_Task item_: A faithful copy of all the data is the goal; omit the pictures.

***** Data below *****

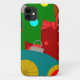 Este estuche de teléfono tiene un diseño Navidad de un collage de un árbol de Navidad, un adorno, un caldo de leña, un regalo y un chico de pan de jengibre.
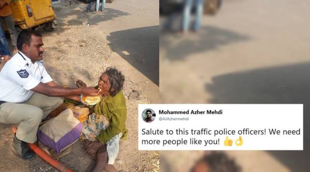 Our law enforcement officials often go beyond their way to help those in need or distress. One such heartwarming gesture is now going viral on social media. A photo of a Hyderabad traffic police officer feeding a homeless woman is doing rounds on Twitter with people praising the cop for his kind gesture.
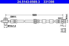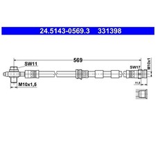 ATE Bremsschlauch Ergänzungsartikel/Ergänzende Info 2: mit Hohlschraube Gewindemaß: M10x1,5 Länge: 569 mm internal_thread_mm_432: Innengewinde: M10x1 mm spanner_size_2_mm_3754: Schlüsselweite 2: 17 mm spanner_size_1_mm_3753: Schlüsselweite 1: 11 mm MAPP-Code vorhanden:: Preis pro Stück! Bremsschläuche sollten immer paarweise gewechselt werden. , u.a. für VW Golf IV (1J1), 1896 cm³, 90 PS (66 kW), 7/1998 bis 4/2002, KBA-Nr: 0603461VW Golf IV (1J1), 1781 cm³, 125 PS (92 kW), 5/1998 bis 6/2005, KBA-Nr: 0603463Audi A3 (8L1), 1781 cm³, 180 PS (132 kW), 10/1998 bis 5/2003, KBA-Nr: 0588703VW Golf IV (1J1), 2792 cm³, 204 PS (150 kW), 3/1999 bis 6/2005, KBA-Nr: 0603530Audi A3 (8L1), 1781 cm³, 210 PS (154 kW), 3/1999 bis 4/2002, KBA-Nr: 0588704Audi A3 (8L1), 1781 cm³, 150 PS (110 kW), 12/1996 bis 5/2003, KBA-Nr: 0588701Skoda Octavia II (1U5), 1896 cm³, 90 PS (66 kW), 11/1999 bis 2/2006, KBA-Nr: 8004338VW Bora (1J2), 2792 cm³, 204 PS (150 kW), 3/1999 bis 5/2005, KBA-Nr: 0603528VW Golf IV (1J1), 2324 cm³, 150 PS (110 kW), 12/1998 bis 10/2000, KBA-Nr: 0603497VW Bora (1J2), 1781 cm³, 125 PS (92 kW), 2/1999 bis 5/2005, KBA-Nr: 0603500VW Bora (1J2), 2324 cm³, 150 PS (110 kW), 12/1998 bis 10/2000, KBA-Nr: 0603501VW Bora (1J2), 1896 cm³, 90 PS (66 kW), 11/1998 bis 4/2002, KBA-Nr: 0603502VW Bora (1J6), 2324 cm³, 150 PS (110 kW), 5/1999 bis 10/2000, KBA-Nr: 0603508VW Bora (1J6), 1896 cm³, 115 PS (85 kW), 5/1999 bis 6/2001, KBA-Nr: 0603509VW Golf IV (1J5), 1896 cm³, 90 PS (66 kW), 5/1999 bis 4/2002, KBA-Nr: 0603511Seat Leon (1M1), 1781 cm³, 180 PS (132 kW), 11/1999 bis 6/2006, KBA-Nr: 7593483VW Bora (1J2), 1896 cm³, 115 PS (85 kW), 2/1999 bis 6/2001, KBA-Nr: 0603504VW Bora (1J6), 1781 cm³, 125 PS (92 kW), 5/1999 bis 5/2005, KBA-Nr: 0603506VW Bora (1J6), 2792 cm³, 204 PS (150 kW), 5/1999 bis 5/2005, KBA-Nr: 0603529VW Golf IV (1J5), 2324 cm³, 150 PS (110 kW), 5/1999 bis 6/2006, KBA-Nr: 0603512VW Golf IV (1J5), 1781 cm³, 125 PS (92 kW), 5/1999 bis 6/2006, KBA-Nr: 0603510VW Golf IV (1J5), 2792 cm³, 204 PS (150 kW), 5/1999 bis 6/2006, KBA-Nr: 0603531VW Golf IV (1J5), 1896 cm³, 115 PS (85 kW), 5/1999 bis 6/2001, KBA-Nr: 0603513VW Golf IV (1J1), 1896 cm³, 115 PS (85 kW), 9/1999 bis 6/2001, KBA-Nr: 0603499Skoda Octavia II (1U2), 1781 cm³, 180 PS (132 kW), 5/2001 bis 1/2006, KBA-Nr: 8004357Skoda Octavia II (1U5), 1896 cm³, 100 PS (74 kW), 9/2000 bis 1/2006, KBA-Nr: 8004359VW Golf IV (1J1), 1896 cm³, 101 PS (74 kW), 9/2000 bis 6/2005, KBA-Nr: 0603559VW Golf IV (1J1), 1896 cm³, 150 PS (110 kW), 2/2000 bis 6/2005, KBA-Nr: 0603573VW Golf IV (1J5), 1896 cm³, 101 PS (74 kW), 9/2000 bis 6/2006, KBA-Nr: 0603561VW Bora (1J2), 1896 cm³, 101 PS (74 kW), 9/2000 bis 5/2005, KBA-Nr: 0603563VW Bora (1J2), 1896 cm³, 150 PS (110 kW), 5/2000 bis 5/2005, KBA-Nr: 0603575VW Bora (1J6), 1896 cm³, 101 PS (74 kW), 9/2000 bis 5/2005, KBA-Nr: 0603565VW Golf IV (1J1), 2324 cm³, 170 PS (125 kW), 10/2000 bis 6/2005, KBA-Nr: 0603594VW Bora (1J2), 2324 cm³, 170 PS (125 kW), 10/2000 bis 5/2005, KBA-Nr:...

*****

_Solution to this task_:
 Este estuche de teléfono tiene un diseño Navidad de un collage de un árbol de Navidad, un adorno, un caldo de leña, un regalo y un chico de pan de jengibre.
 Our law enforcement officials often go beyond their way to help those in need or distress. One such heartwarming gesture is now going viral on social media. A photo of a Hyderabad traffic police officer feeding a homeless woman is doing rounds on Twitter with people praising the cop for his kind gesture.
 ATE Bremsschlauch Ergänzungsartikel/Ergänzende Info 2: mit Hohlschraube Gewindemaß: M10x1,5 Länge: 569 mm internal_thread_mm_432: Innengewinde: M10x1 mm spanner_size_2_mm_3754: Schlüsselweite 2: 17 mm spanner_size_1_mm_3753: Schlüsselweite 1: 11 mm MAPP-Code vorhanden:: Preis pro Stück! Bremsschläuche sollten immer paarweise gewechselt werden. , u.a. für VW Golf IV (1J1), 1896 cm³, 90 PS (66 kW), 7/1998 bis 4/2002, KBA-Nr: 0603461VW Golf IV (1J1), 1781 cm³, 125 PS (92 kW), 5/1998 bis 6/2005, KBA-Nr: 0603463Audi A3 (8L1), 1781 cm³, 180 PS (132 kW), 10/1998 bis 5/2003, KBA-Nr: 0588703VW Golf IV (1J1), 2792 cm³, 204 PS (150 kW), 3/1999 bis 6/2005, KBA-Nr: 0603530Audi A3 (8L1), 1781 cm³, 210 PS (154 kW), 3/1999 bis 4/2002, KBA-Nr: 0588704Audi A3 (8L1), 1781 cm³, 150 PS (110 kW), 12/1996 bis 5/2003, KBA-Nr: 0588701Skoda Octavia II (1U5), 1896 cm³, 90 PS (66 kW), 11/1999 bis 2/2006, KBA-Nr: 8004338VW Bora (1J2), 2792 cm³, 204 PS (150 kW), 3/1999 bis 5/2005, KBA-Nr: 0603528VW Golf IV (1J1), 2324 cm³, 150 PS (110 kW), 12/1998 bis 10/2000, KBA-Nr: 0603497VW Bora (1J2), 1781 cm³, 125 PS (92 kW), 2/1999 bis 5/2005, KBA-Nr: 0603500VW Bora (1J2), 2324 cm³, 150 PS (110 kW), 12/1998 bis 10/2000, KBA-Nr: 0603501VW Bora (1J2), 1896 cm³, 90 PS (66 kW), 11/1998 bis 4/2002, KBA-Nr: 0603502VW Bora (1J6), 2324 cm³, 150 PS (110 kW), 5/1999 bis 10/2000, KBA-Nr: 0603508VW Bora (1J6), 1896 cm³, 115 PS (85 kW), 5/1999 bis 6/2001, KBA-Nr: 0603509VW Golf IV (1J5), 1896 cm³, 90 PS (66 kW), 5/1999 bis 4/2002, KBA-Nr: 0603511Seat Leon (1M1), 1781 cm³, 180 PS (132 kW), 11/1999 bis 6/2006, KBA-Nr: 7593483VW Bora (1J2), 1896 cm³, 115 PS (85 kW), 2/1999 bis 6/2001, KBA-Nr: 0603504VW Bora (1J6), 1781 cm³, 125 PS (92 kW), 5/1999 bis 5/2005, KBA-Nr: 0603506VW Bora (1J6), 2792 cm³, 204 PS (150 kW), 5/1999 bis 5/2005, KBA-Nr: 0603529VW Golf IV (1J5), 2324 cm³, 150 PS (110 kW), 5/1999 bis 6/2006, KBA-Nr: 0603512VW Golf IV (1J5), 1781 cm³, 125 PS (92 kW), 5/1999 bis 6/2006, KBA-Nr: 0603510VW Golf IV (1J5), 2792 cm³, 204 PS (150 kW), 5/1999 bis 6/2006, KBA-Nr: 0603531VW Golf IV (1J5), 1896 cm³, 115 PS (85 kW), 5/1999 bis 6/2001, KBA-Nr: 0603513VW Golf IV (1J1), 1896 cm³, 115 PS (85 kW), 9/1999 bis 6/2001, KBA-Nr: 0603499Skoda Octavia II (1U2), 1781 cm³, 180 PS (132 kW), 5/2001 bis 1/2006, KBA-Nr: 8004357Skoda Octavia II (1U5), 1896 cm³, 100 PS (74 kW), 9/2000 bis 1/2006, KBA-Nr: 8004359VW Golf IV (1J1), 1896 cm³, 101 PS (74 kW), 9/2000 bis 6/2005, KBA-Nr: 0603559VW Golf IV (1J1), 1896 cm³, 150 PS (110 kW), 2/2000 bis 6/2005, KBA-Nr: 0603573VW Golf IV (1J5), 1896 cm³, 101 PS (74 kW), 9/2000 bis 6/2006, KBA-Nr: 0603561VW Bora (1J2), 1896 cm³, 101 PS (74 kW), 9/2000 bis 5/2005, KBA-Nr: 0603563VW Bora (1J2), 1896 cm³, 150 PS (110 kW), 5/2000 bis 5/2005, KBA-Nr: 0603575VW Bora (1J6), 1896 cm³, 101 PS (74 kW), 9/2000 bis 5/2005, KBA-Nr: 0603565VW Golf IV (1J1), 2324 cm³, 170 PS (125 kW), 10/2000 bis 6/2005, KBA-Nr: 0603594VW Bora (1J2), 2324 cm³, 170 PS (125 kW), 10/2000 bis 5/2005, KBA-Nr:...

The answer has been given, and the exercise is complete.